In the domain of computer science, MIT faculty and researchers made fundamental contributions to cybernetics, artificial intelligence, computer languages, machine learning, robotics, and public-key cryptography.[122][123] Richard Stallman founded the GNU Project while at the AI lab (now CSAIL). Professors Hal Abelson and Gerald Jay Sussman wrote the popular Structure and Interpretation of Computer Programs textbook and co-founded the Free Software Foundation with Stallman. Tim Berners-Lee established the W3C at MIT in 1994. David D. Clark made fundamental contributions in developing the Internet. Popular technologies like X Window System, Kerberos, Zephyr, and Hesiod were created for Project Athena in the 1980s.
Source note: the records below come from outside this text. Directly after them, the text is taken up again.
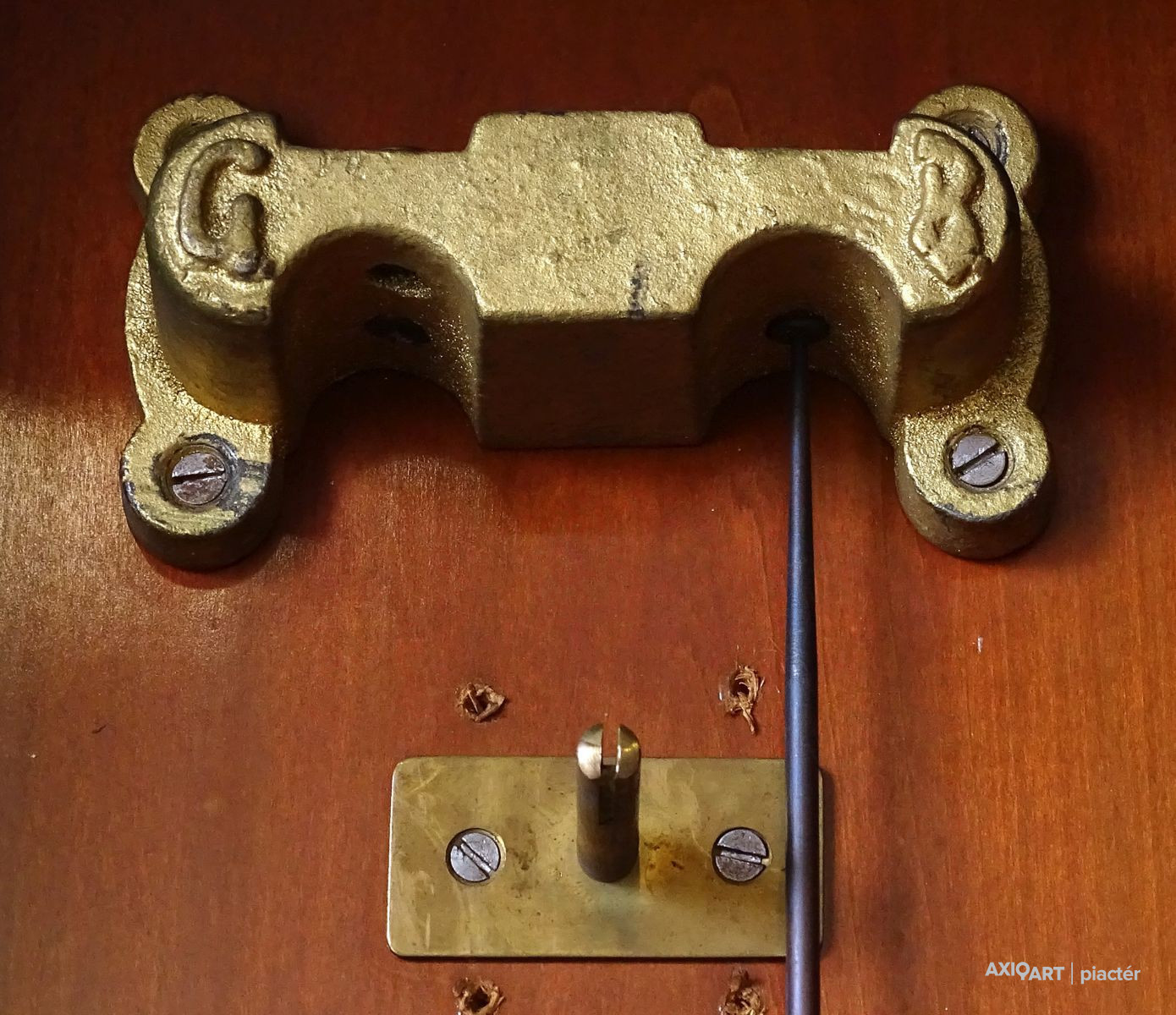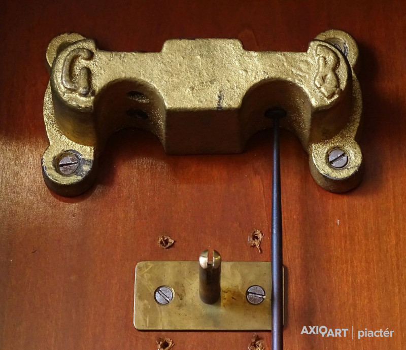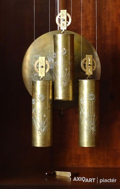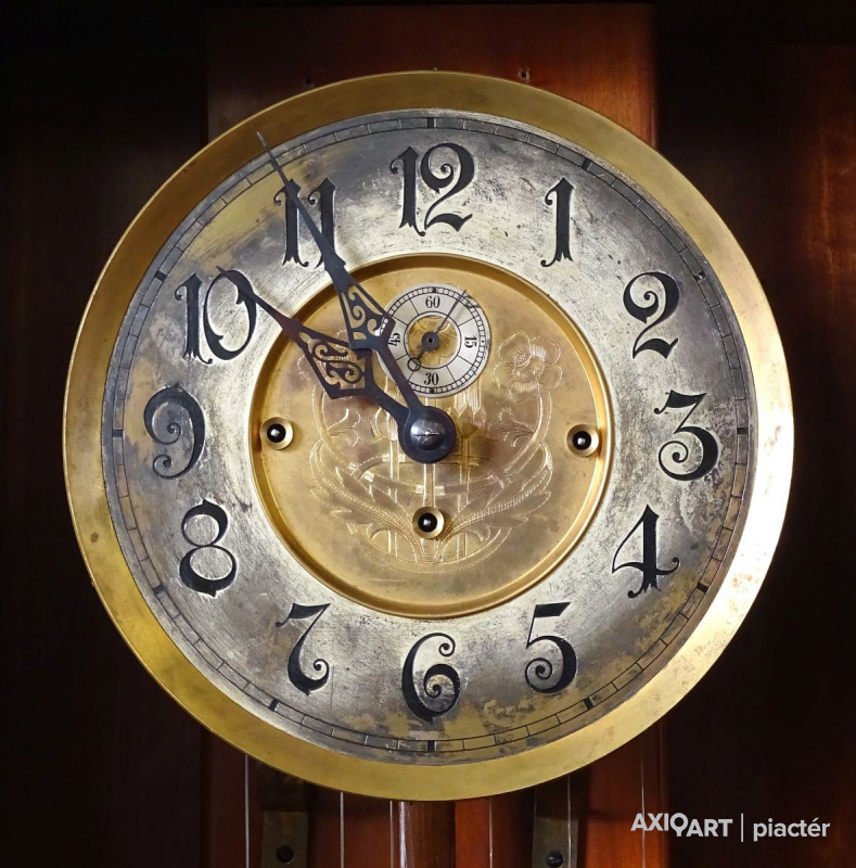 Régi, működő állapotban lévő három súlyos, három kulcsos másodpercmutatós óraszerkezettel rendelkező negyedütős állóóra. Faragott oszlopos díszítésű. Üvege metszett, csiszolt. Az óra teljesen hiánytalan, felhúzó kulcsa is megvan. Alsó részén kisebb furnérhibák találhatók.
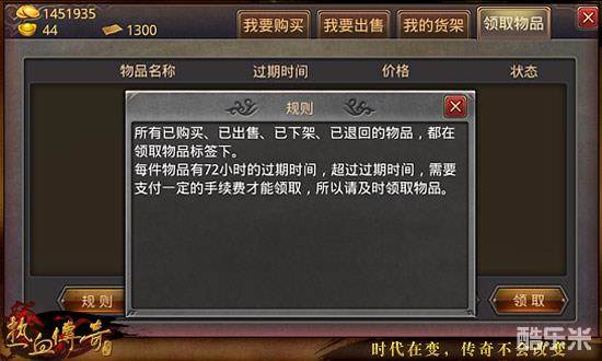 4、卖东西收钱、买东西收货、已退回物品、已下架物品都是通过交易行“领取物品”进行,超过72小时未领取,玩家需要支付额外的手续费领取物品。
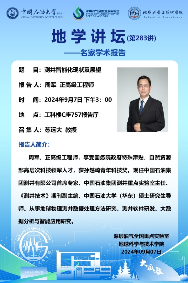【地学讲坛第283讲】关于周军 正高级工程师《测井智能化现状及展望》学术报告的通知

MIT was one of the original collaborators in the development of the Multics operating system, a highly secure predecessor of UNIX.[124]
The physic faculty have been instrumental in describing subatomic and quantum phenomena like elementary particles,[125] electroweak force,[126] Bose-Einstein condensates,[127] fractional quantum Hall effect,[128] positronium,[129] neutron scattering,[130] asymptotic freedom,[131] weak localization,[132] quantum field theory,[133] super gravity,[134] Goldstone bosons,[135] quantum optics,[136] as well as cosmological phenomena like cosmic inflation.[137] Victor Weisskopf, in addition to his contributions to quantum field theory, worked as a researcher on the Manhattan Project and co-founded the Union of Concerned Scientists.[138]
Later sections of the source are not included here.